= Beginning of Section =

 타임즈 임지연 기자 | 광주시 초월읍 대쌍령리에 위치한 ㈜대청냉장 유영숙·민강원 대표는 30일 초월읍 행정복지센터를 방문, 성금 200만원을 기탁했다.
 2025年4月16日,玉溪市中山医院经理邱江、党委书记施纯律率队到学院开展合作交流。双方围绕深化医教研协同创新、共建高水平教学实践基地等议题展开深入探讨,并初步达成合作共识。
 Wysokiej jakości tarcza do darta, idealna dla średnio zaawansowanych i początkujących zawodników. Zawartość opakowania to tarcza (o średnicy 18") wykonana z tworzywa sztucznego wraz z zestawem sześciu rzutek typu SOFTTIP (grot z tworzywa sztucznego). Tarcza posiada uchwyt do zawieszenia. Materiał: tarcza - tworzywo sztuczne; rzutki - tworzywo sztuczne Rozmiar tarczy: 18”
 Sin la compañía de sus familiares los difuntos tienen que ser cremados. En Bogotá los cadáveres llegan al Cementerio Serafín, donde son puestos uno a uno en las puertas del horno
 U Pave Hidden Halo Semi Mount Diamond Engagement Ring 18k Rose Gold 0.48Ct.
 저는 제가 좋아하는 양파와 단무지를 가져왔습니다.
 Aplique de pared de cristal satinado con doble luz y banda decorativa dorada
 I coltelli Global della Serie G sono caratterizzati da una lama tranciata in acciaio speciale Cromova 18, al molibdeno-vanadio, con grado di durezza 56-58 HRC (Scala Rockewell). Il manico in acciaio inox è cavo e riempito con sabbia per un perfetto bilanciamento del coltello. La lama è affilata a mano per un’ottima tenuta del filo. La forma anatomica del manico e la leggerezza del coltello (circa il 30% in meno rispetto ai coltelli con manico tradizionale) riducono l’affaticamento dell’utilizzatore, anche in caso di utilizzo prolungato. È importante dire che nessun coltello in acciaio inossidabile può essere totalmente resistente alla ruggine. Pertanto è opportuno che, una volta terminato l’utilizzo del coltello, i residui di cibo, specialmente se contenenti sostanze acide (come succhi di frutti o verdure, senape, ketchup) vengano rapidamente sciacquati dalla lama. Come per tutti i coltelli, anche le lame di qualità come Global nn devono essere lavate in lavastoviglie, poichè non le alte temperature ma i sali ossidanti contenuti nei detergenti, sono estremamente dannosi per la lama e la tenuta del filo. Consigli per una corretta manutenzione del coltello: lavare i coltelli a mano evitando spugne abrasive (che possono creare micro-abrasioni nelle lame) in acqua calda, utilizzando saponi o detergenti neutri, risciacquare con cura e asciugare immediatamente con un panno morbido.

= End of Section =

YOUR GOAL →
Would you transcribe the records above exactly, leaving nothing out?

WRITTEN RESPONSE →
 타임즈 임지연 기자 | 광주시 초월읍 대쌍령리에 위치한 ㈜대청냉장 유영숙·민강원 대표는 30일 초월읍 행정복지센터를 방문, 성금 200만원을 기탁했다.
 2025年4月16日,玉溪市中山医院经理邱江、党委书记施纯律率队到学院开展合作交流。双方围绕深化医教研协同创新、共建高水平教学实践基地等议题展开深入探讨,并初步达成合作共识。
 Wysokiej jakości tarcza do darta, idealna dla średnio zaawansowanych i początkujących zawodników. Zawartość opakowania to tarcza (o średnicy 18") wykonana z tworzywa sztucznego wraz z zestawem sześciu rzutek typu SOFTTIP (grot z tworzywa sztucznego). Tarcza posiada uchwyt do zawieszenia. Materiał: tarcza - tworzywo sztuczne; rzutki - tworzywo sztuczne Rozmiar tarczy: 18”
 Sin la compañía de sus familiares los difuntos tienen que ser cremados. En Bogotá los cadáveres llegan al Cementerio Serafín, donde son puestos uno a uno en las puertas del horno
 U Pave Hidden Halo Semi Mount Diamond Engagement Ring 18k Rose Gold 0.48Ct.
 저는 제가 좋아하는 양파와 단무지를 가져왔습니다.
 Aplique de pared de cristal satinado con doble luz y banda decorativa dorada
 I coltelli Global della Serie G sono caratterizzati da una lama tranciata in acciaio speciale Cromova 18, al molibdeno-vanadio, con grado di durezza 56-58 HRC (Scala Rockewell). Il manico in acciaio inox è cavo e riempito con sabbia per un perfetto bilanciamento del coltello. La lama è affilata a mano per un’ottima tenuta del filo. La forma anatomica del manico e la leggerezza del coltello (circa il 30% in meno rispetto ai coltelli con manico tradizionale) riducono l’affaticamento dell’utilizzatore, anche in caso di utilizzo prolungato. È importante dire che nessun coltello in acciaio inossidabile può essere totalmente resistente alla ruggine. Pertanto è opportuno che, una volta terminato l’utilizzo del coltello, i residui di cibo, specialmente se contenenti sostanze acide (come succhi di frutti o verdure, senape, ketchup) vengano rapidamente sciacquati dalla lama. Come per tutti i coltelli, anche le lame di qualità come Global nn devono essere lavate in lavastoviglie, poichè non le alte temperature ma i sali ossidanti contenuti nei detergenti, sono estremamente dannosi per la lama e la tenuta del filo. Consigli per una corretta manutenzione del coltello: lavare i coltelli a mano evitando spugne abrasive (che possono creare micro-abrasioni nelle lame) in acqua calda, utilizzando saponi o detergenti neutri, risciacquare con cura e asciugare immediatamente con un panno morbido.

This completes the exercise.